- DATASET SECTION:
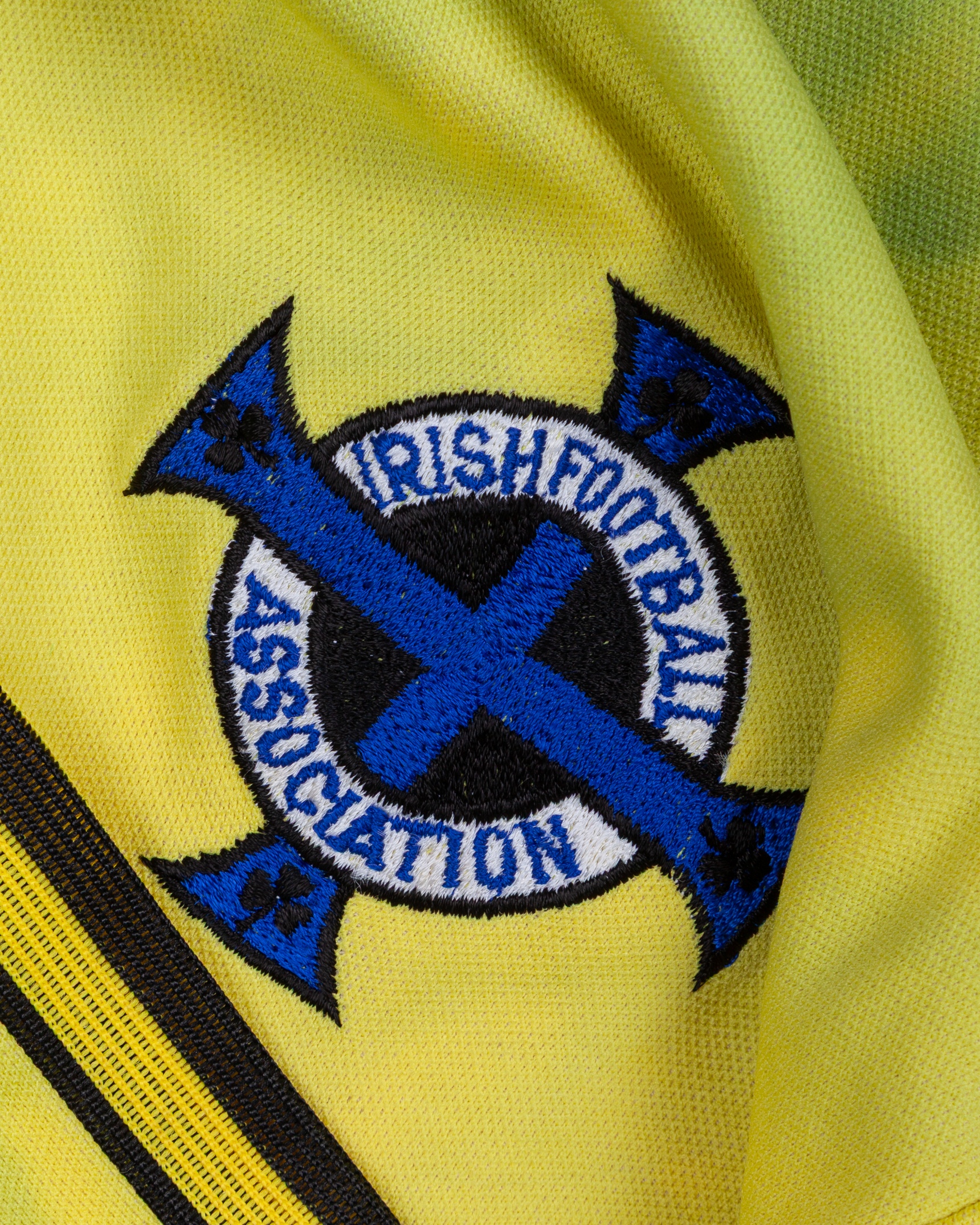 Pat Jennings yellow and No.1 Northern Ireland goalkeepers shirt, 1980-81, Adidas, L, with crew-neck collar and embroidered badge inscribed IRISH FOOTBALL ASSOCIATION, colour run and staining, with Pat Jennings Collection autographed COA
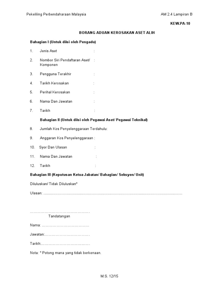 Http Kompetensi Moh Gov My Portal Www Admin Files Kkm Borang Borang 20aduan 20kerosakan 20aset 20alih 20 20kew Pa 10 Pdf from Seksyen pengurusan aset bahagian kawalan dan pemantauan (bkp) perbendaharaan malaysia tingkat 4, blok selatan kompleks kementerian kewangan presint 2, 62592 putrajaya. Bu konuların daha ileri versiyonlarını ve bu konulara dayalı öğrenebileceğin, ilk defa karşılaşacağın yeni konuları 11. Nyatakan samada sedang digunakan atau. Meb'in birikimli ve tekrarlı eğitim modeline göre 11. mengambil tindakan ke atas laporan/dapatan audit dalam, audit pematuhan dan audit pengawasan (suvillance) sekiranya berlaku ketidakpatuhan dan pengurusan aduan dan maklum balas pelanggan 10. Pa 6 daftar pergerakan harta modal dan inventori jenis : 700ºc in order to measure over 300ºc. Penggunaan bahagian perolehan dan pengurusan aset kementerian pelajaran malaysia sambungan.
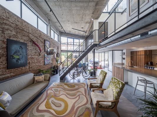 De woningen zijn aan die zijde voorzien van grote puien met een ranke detaillering, conform de stalen bovenlichten die al aan vier zijden van de zaal zaten. Beide lofts hebben in de hoge, open ruimte een entresol met slaapkamers gekregen.
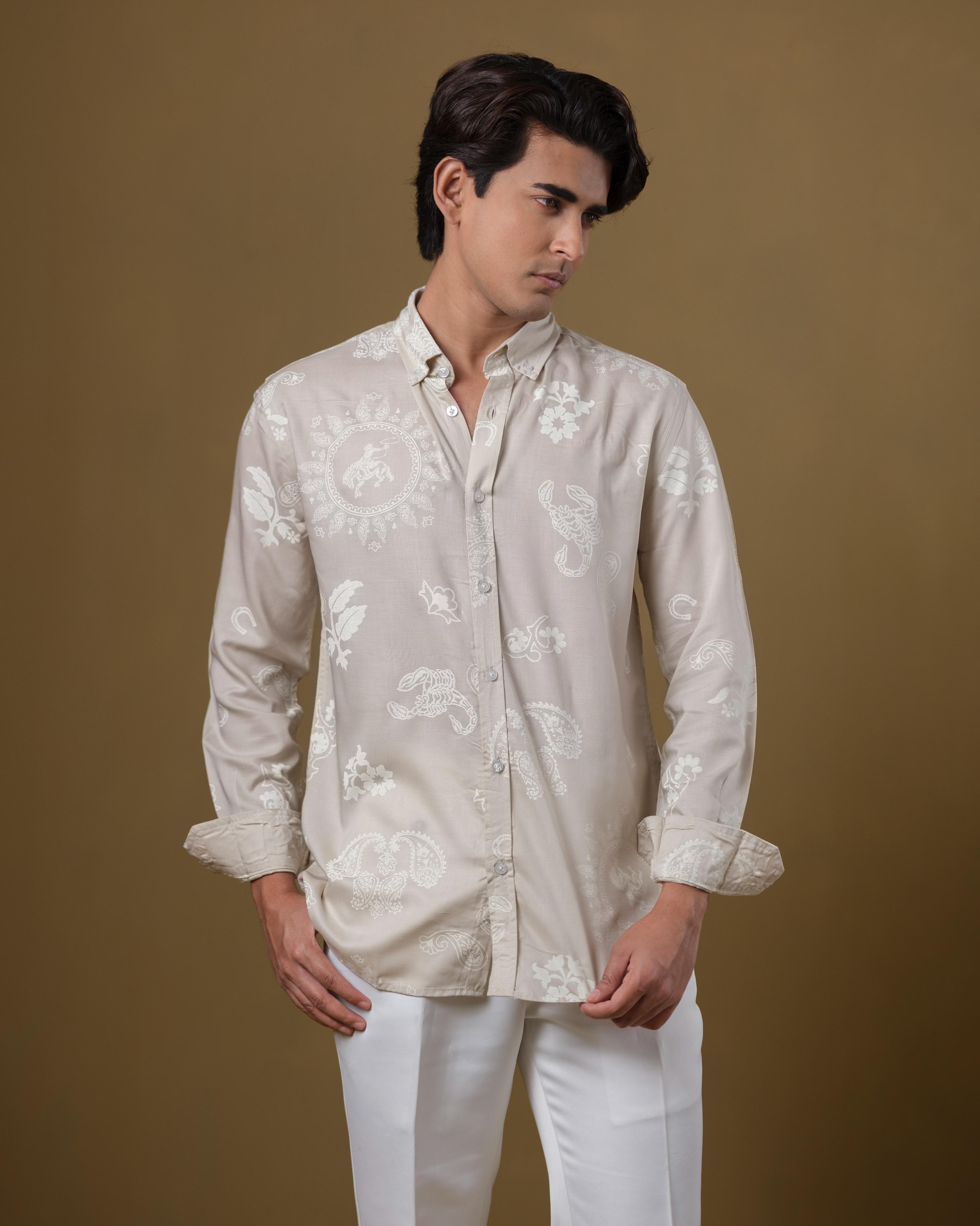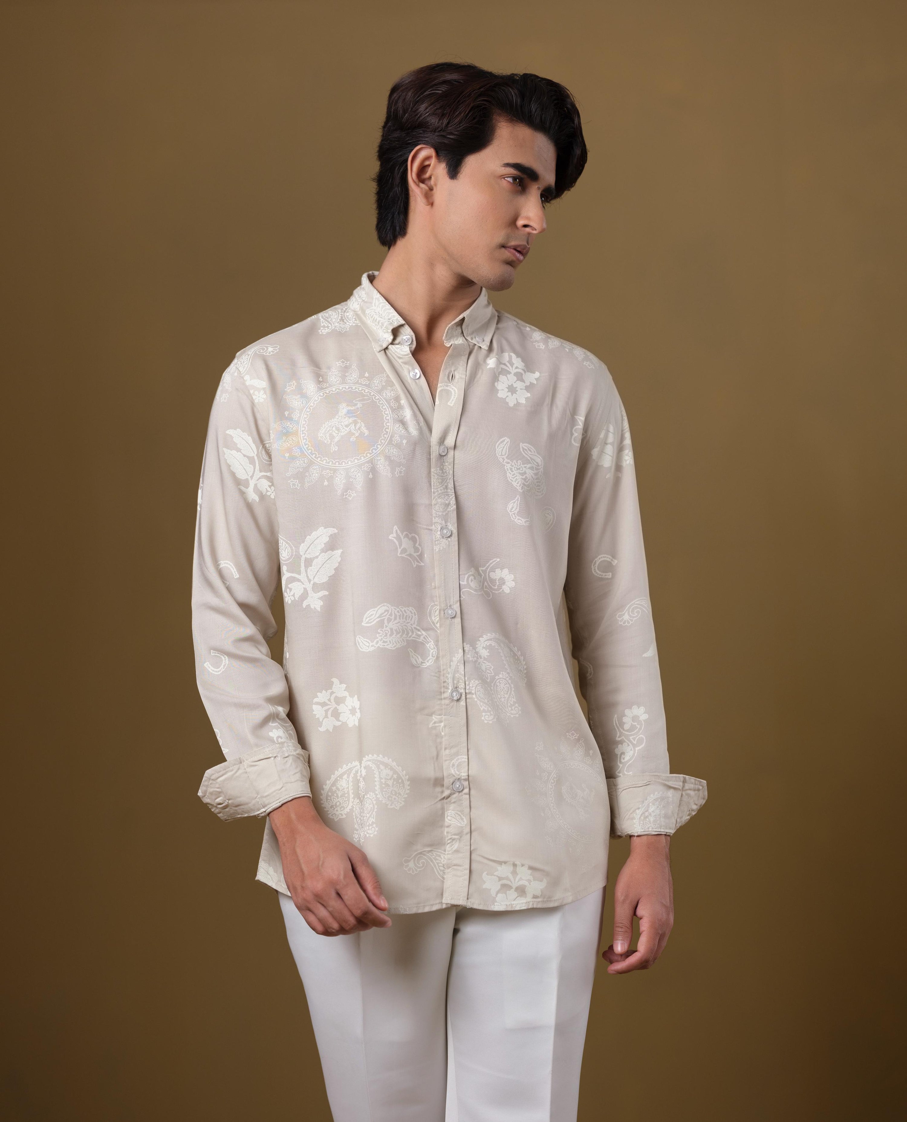 Crafted from breathable premium cotton fabric, this slim-fit shirt features an all-over white paisley and heritage-inspired print on a soft beige base. The subtle tonal contrast keeps it sophisticated and versatile, while the artistic pattern adds depth and character.

- TASK DETAILS: Your task is to copy exactly the lines from the line containing "De woningen zijn" through the final line of the listing above and to omit every picture.

- COMPLETED TASK:
 De woningen zijn aan die zijde voorzien van grote puien met een ranke detaillering, conform de stalen bovenlichten die al aan vier zijden van de zaal zaten. Beide lofts hebben in de hoge, open ruimte een entresol met slaapkamers gekregen.
 Crafted from breathable premium cotton fabric, this slim-fit shirt features an all-over white paisley and heritage-inspired print on a soft beige base. The subtle tonal contrast keeps it sophisticated and versatile, while the artistic pattern adds depth and character.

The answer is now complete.